(Records from a data collection)
*** Begin section ***

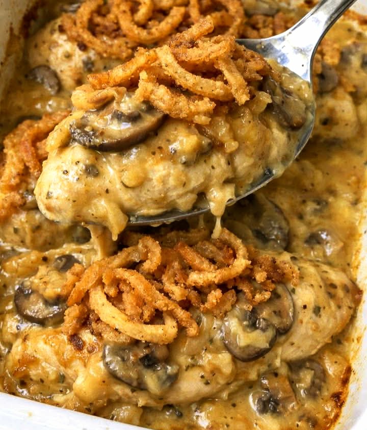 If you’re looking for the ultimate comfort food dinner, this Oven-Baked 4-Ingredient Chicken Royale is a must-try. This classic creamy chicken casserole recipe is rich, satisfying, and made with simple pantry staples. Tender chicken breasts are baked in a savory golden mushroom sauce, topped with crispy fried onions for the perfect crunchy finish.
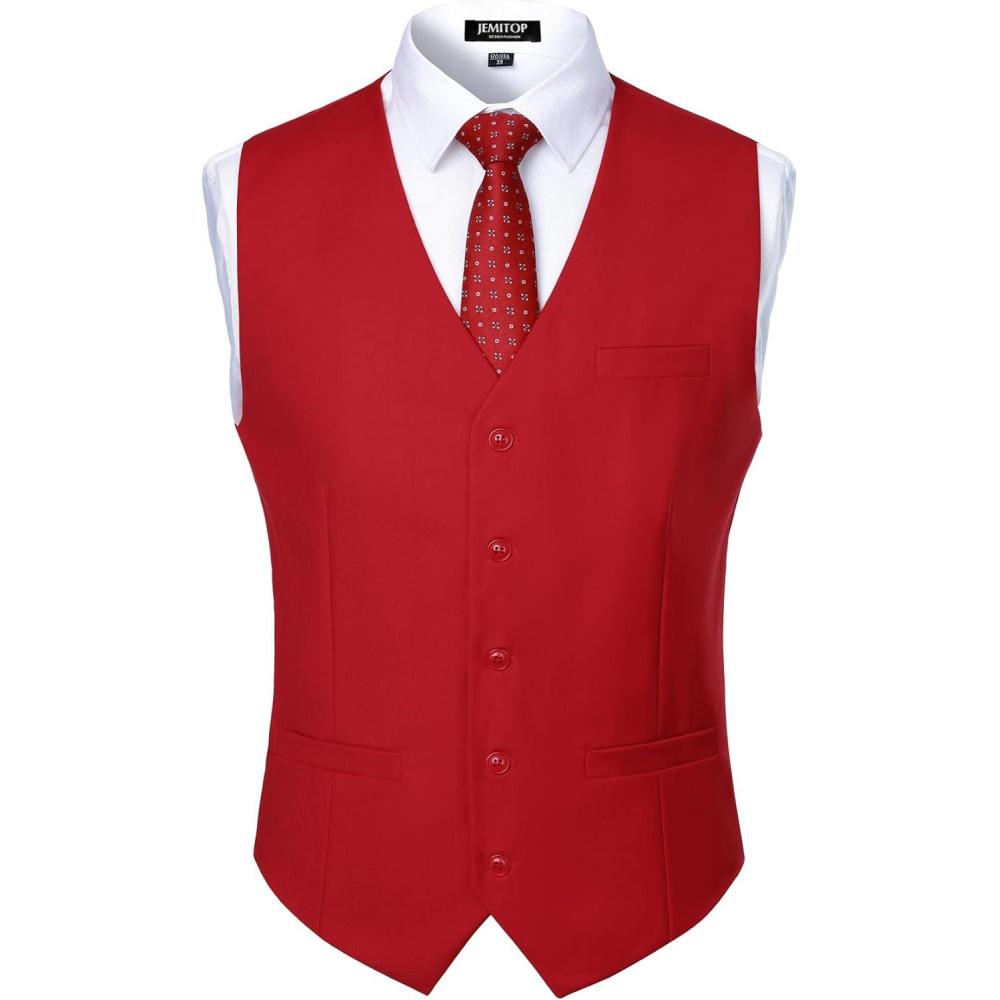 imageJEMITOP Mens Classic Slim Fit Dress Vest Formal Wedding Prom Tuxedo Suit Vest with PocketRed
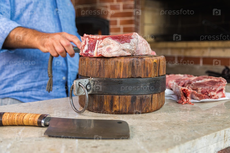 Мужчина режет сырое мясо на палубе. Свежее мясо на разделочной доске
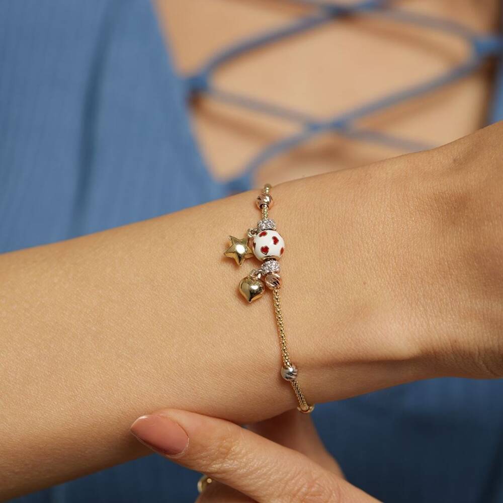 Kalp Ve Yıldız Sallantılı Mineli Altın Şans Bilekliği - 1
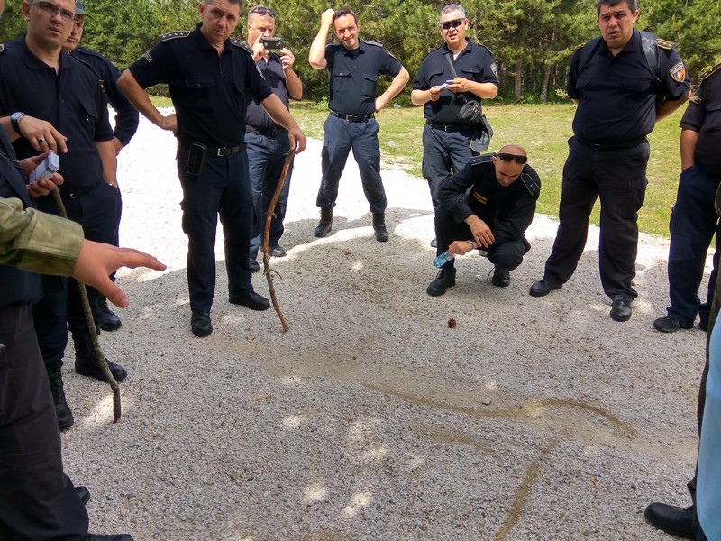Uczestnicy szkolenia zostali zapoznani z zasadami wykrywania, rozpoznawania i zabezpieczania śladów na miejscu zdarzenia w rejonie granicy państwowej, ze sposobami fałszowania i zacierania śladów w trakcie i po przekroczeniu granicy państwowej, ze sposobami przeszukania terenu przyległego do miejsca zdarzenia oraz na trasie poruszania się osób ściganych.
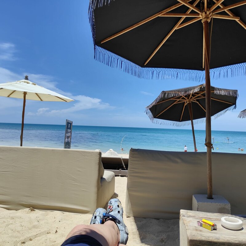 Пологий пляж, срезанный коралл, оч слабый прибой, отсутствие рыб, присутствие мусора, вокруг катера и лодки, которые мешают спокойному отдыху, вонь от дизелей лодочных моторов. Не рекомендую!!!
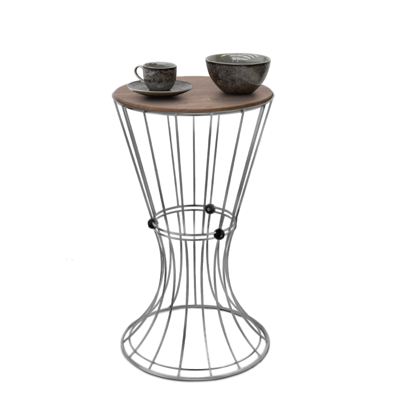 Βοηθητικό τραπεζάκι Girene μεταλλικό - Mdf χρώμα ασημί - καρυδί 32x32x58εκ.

*** End section ***
*** Begin section ***

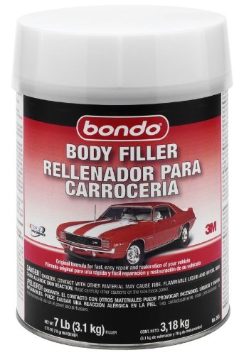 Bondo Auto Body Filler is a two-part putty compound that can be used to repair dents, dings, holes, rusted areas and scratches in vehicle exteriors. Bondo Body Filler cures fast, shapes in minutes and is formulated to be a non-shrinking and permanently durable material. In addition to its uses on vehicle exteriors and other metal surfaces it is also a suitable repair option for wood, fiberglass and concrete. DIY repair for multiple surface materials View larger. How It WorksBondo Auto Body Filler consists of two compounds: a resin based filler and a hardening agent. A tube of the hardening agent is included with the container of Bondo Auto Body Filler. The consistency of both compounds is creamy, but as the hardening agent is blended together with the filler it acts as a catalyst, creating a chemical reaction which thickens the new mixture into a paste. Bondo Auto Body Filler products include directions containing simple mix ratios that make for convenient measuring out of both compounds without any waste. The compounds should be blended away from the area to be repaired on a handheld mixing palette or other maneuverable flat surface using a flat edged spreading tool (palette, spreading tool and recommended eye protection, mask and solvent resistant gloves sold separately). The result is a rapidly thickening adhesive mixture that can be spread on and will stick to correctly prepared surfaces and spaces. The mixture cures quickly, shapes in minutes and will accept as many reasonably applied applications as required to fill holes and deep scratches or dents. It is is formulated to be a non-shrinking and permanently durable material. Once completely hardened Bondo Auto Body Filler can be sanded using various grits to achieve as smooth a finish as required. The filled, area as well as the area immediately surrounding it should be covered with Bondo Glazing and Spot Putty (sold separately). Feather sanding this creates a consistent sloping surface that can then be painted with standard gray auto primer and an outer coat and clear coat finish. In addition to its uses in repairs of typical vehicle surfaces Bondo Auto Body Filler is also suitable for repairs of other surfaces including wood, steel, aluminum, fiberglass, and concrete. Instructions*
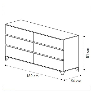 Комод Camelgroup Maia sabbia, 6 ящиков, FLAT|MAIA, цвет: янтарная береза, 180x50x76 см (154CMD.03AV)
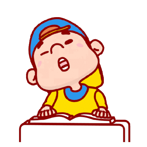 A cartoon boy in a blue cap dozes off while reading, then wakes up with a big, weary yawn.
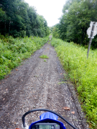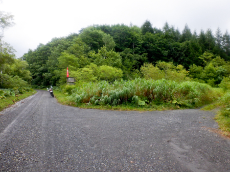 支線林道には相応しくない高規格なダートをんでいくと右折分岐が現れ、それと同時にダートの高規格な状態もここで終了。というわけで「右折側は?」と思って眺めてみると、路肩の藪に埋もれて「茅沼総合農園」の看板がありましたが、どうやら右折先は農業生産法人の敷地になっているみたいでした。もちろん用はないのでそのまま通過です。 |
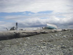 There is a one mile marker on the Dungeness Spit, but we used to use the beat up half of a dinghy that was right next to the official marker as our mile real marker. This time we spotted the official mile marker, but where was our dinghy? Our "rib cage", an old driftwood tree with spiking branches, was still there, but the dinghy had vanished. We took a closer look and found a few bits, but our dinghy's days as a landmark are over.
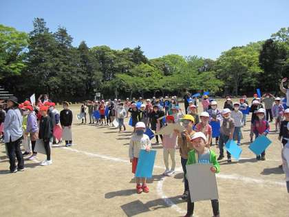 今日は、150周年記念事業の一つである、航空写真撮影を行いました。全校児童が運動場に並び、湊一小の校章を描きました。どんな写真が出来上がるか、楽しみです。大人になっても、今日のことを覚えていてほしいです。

*** End section ***

◆ TASK TO CARRY OUT
From the records above, return exactly the lines running from the one that contains "Комод Camelgroup Maia" down to the one that contains "支線林道には相応しくない高規", both included, without any pictures.

◆ WRITTEN RESPONSE
 Комод Camelgroup Maia sabbia, 6 ящиков, FLAT|MAIA, цвет: янтарная береза, 180x50x76 см (154CMD.03AV)
 A cartoon boy in a blue cap dozes off while reading, then wakes up with a big, weary yawn.
 支線林道には相応しくない高規格なダートをんでいくと右折分岐が現れ、それと同時にダートの高規格な状態もここで終了。というわけで「右折側は?」と思って眺めてみると、路肩の藪に埋もれて「茅沼総合農園」の看板がありましたが、どうやら右折先は農業生産法人の敷地になっているみたいでした。もちろん用はないのでそのまま通過です。 |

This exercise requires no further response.